___ Information supplied

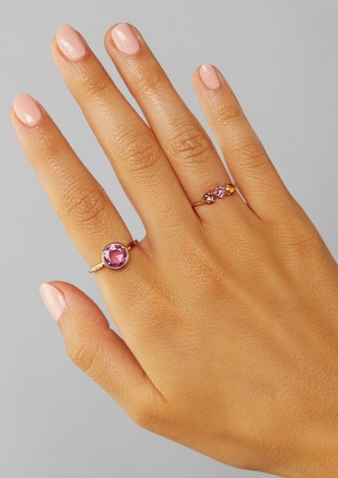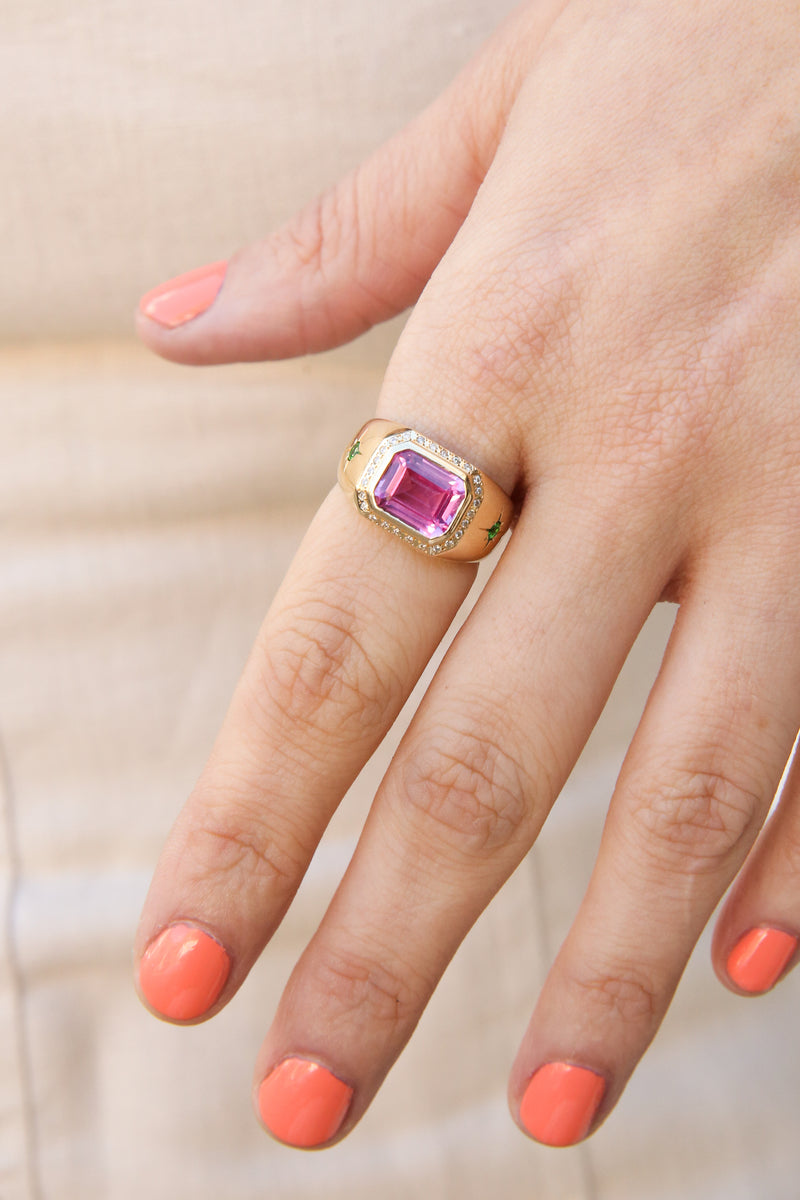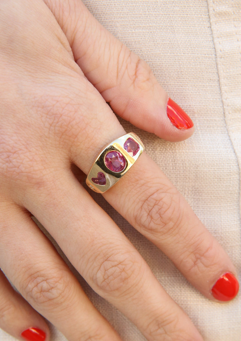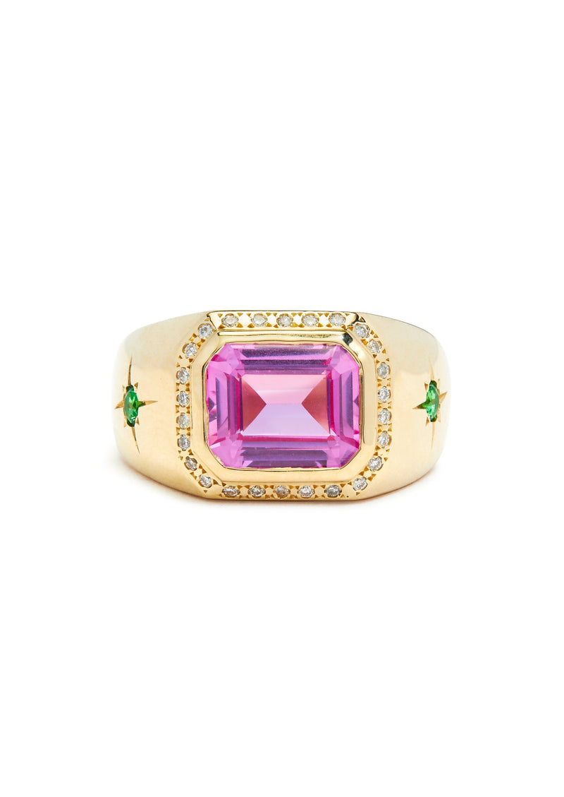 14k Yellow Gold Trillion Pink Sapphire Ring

______
___ Information supplied

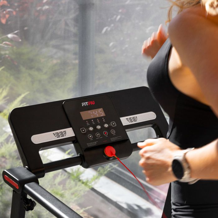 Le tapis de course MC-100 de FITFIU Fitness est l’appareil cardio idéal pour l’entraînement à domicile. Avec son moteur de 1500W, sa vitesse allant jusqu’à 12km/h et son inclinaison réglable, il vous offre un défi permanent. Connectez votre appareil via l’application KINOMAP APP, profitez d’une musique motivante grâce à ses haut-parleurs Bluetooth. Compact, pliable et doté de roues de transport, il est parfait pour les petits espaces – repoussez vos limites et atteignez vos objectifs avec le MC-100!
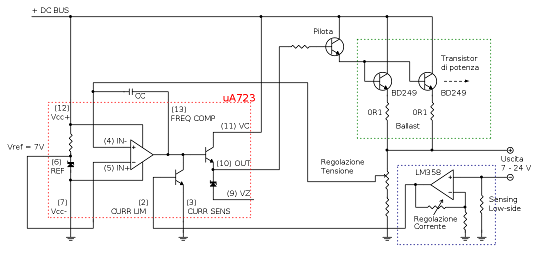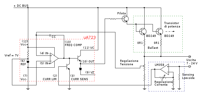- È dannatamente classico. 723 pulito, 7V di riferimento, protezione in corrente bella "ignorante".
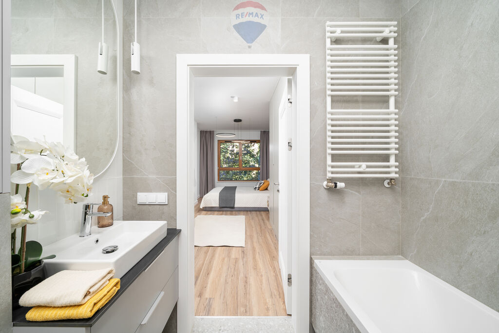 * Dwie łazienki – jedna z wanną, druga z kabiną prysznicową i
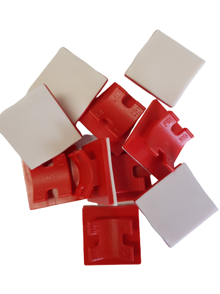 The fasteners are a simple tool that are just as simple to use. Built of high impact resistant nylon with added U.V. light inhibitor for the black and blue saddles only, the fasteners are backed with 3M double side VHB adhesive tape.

______

Exercise directions:
Starting at the line above that holds "kabiną prysznicową i", return each line up to and including the one that holds "The fasteners are a", exactly as written, minus any pictures.

Task solution:
 * Dwie łazienki – jedna z wanną, druga z kabiną prysznicową i
 The fasteners are a simple tool that are just as simple to use. Built of high impact resistant nylon with added U.V. light inhibitor for the black and blue saddles only, the fasteners are backed with 3M double side VHB adhesive tape.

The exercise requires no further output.